Punk has already made his feelings about Laurinaitis felt on numerous occasions; however, Laurinaitis has kept largely to himself about how he plans on acting back.  The past two weeks, he's led to Punk losing twice to Dolph Ziggler, and that's pretty huge.

In essence, as crazy as this sounds, Laurinaitis, as monotone and cold as he is, has now shown more emotion than Cena.

Look at his growing "feud" with Kane.  Kane questions everything about Cena, and Cena continues to be this idealistic, diplomatic figure, insisting on talking, talking, talking, talking.  Not acting.  Not retaliating.  Talking.

Punk dislikes Laurinaitis, dislikes Triple H, dislikes Nash, whoever else, and he gets right in their face and lets them know, conclusively and decisively, how he feels.  He supports things, he applauds them.  He hates things, he tosses pipebombs and lets people know.  If they want to fight about it, perfect, ring the bell.

Cena?  He insists on using his words.  Admirable for a kid in a schoolyard.  Not for a WWE superstar.

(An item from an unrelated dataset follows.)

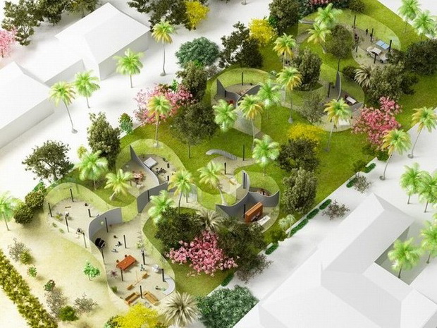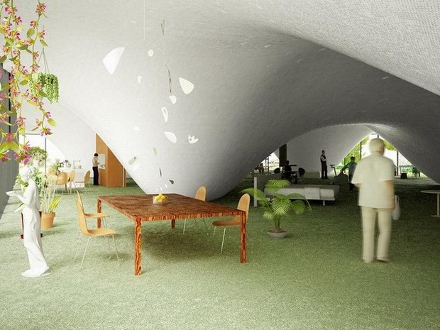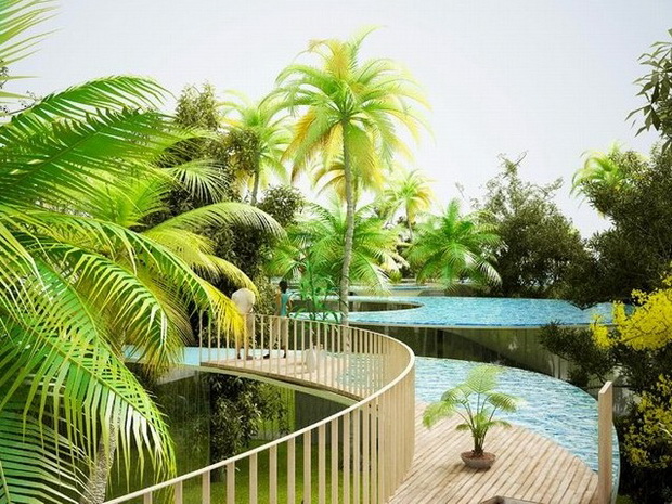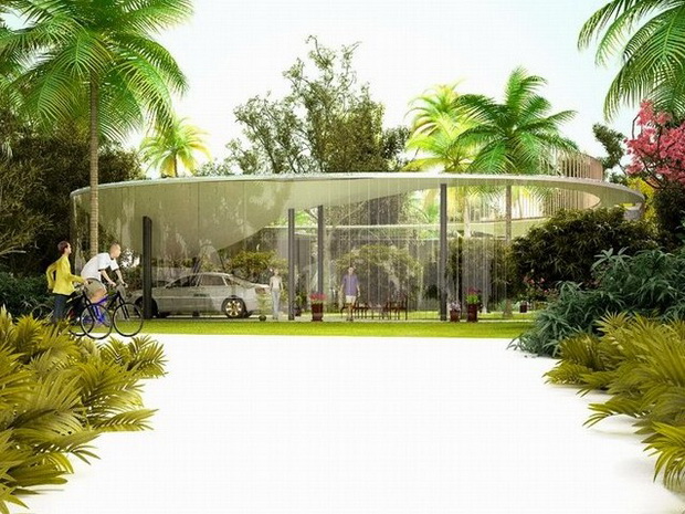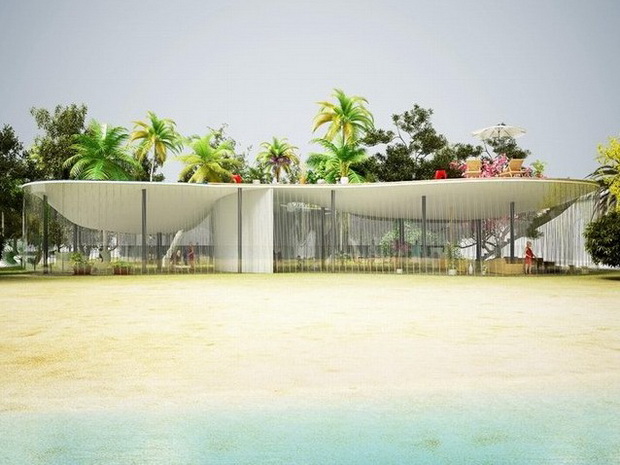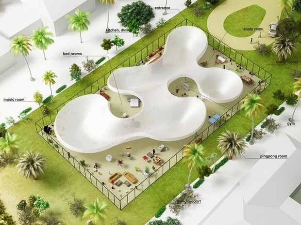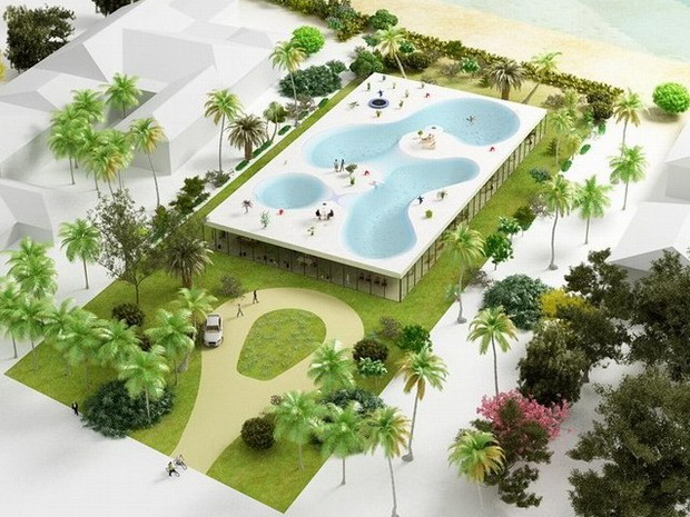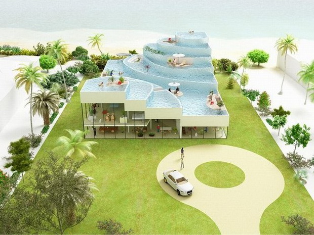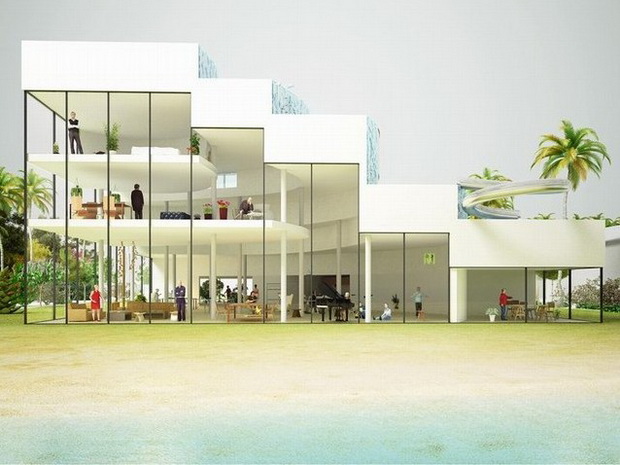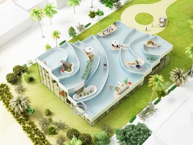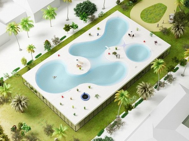 來自荷蘭的NLarchitects建筑事務所總能為我們帶來不一樣的新奇想法,很快他們設想了三個方案。都是將泳池架設在住宅的屋頂,房子的生活區位于泳池下面,以通透的玻璃幕墻圍合。通過泳池的不同形狀與深度劃分出下面的空間,上面的泳池儼然成為一個水上樂園!

Any additional Cena psychoanalysis aside, Laurinaitis briefly showed a hint of reverence for John Cena when he announced Cena's participation in the six-man tag team match, and I'm fervent about it not being left to the wayside amid all the talk and speculation about Jericho.

The story of John Cena's feelings and potentially evolving emotions, I'll admit, has me pretty riveted, as I'm sure it has many others riveted.

I'm sure Cena's supporters want nothing less than to see their hero change in any drastic way.  But I can't stress this enough.

The mixed reactions are no longer 50/50.  They are swaying.  Cena is LOSING favor, and he should not be kept in one role to appease the minority.  My fiancee even pointed something out to me when watching the intro video last night.

One of the folks that Cena looked at in the crowd that was holding up a Cena Sucks shirt?

A military man.  Troops supposedly love Cena, right?  Not all of them...

Admit it.  The winds of change are blowing, as Wade Barrett said.  The tide is changing.  The sway that is occurring is changing the balance.

Cena will not stay a force of good forever.  You have to deal with it.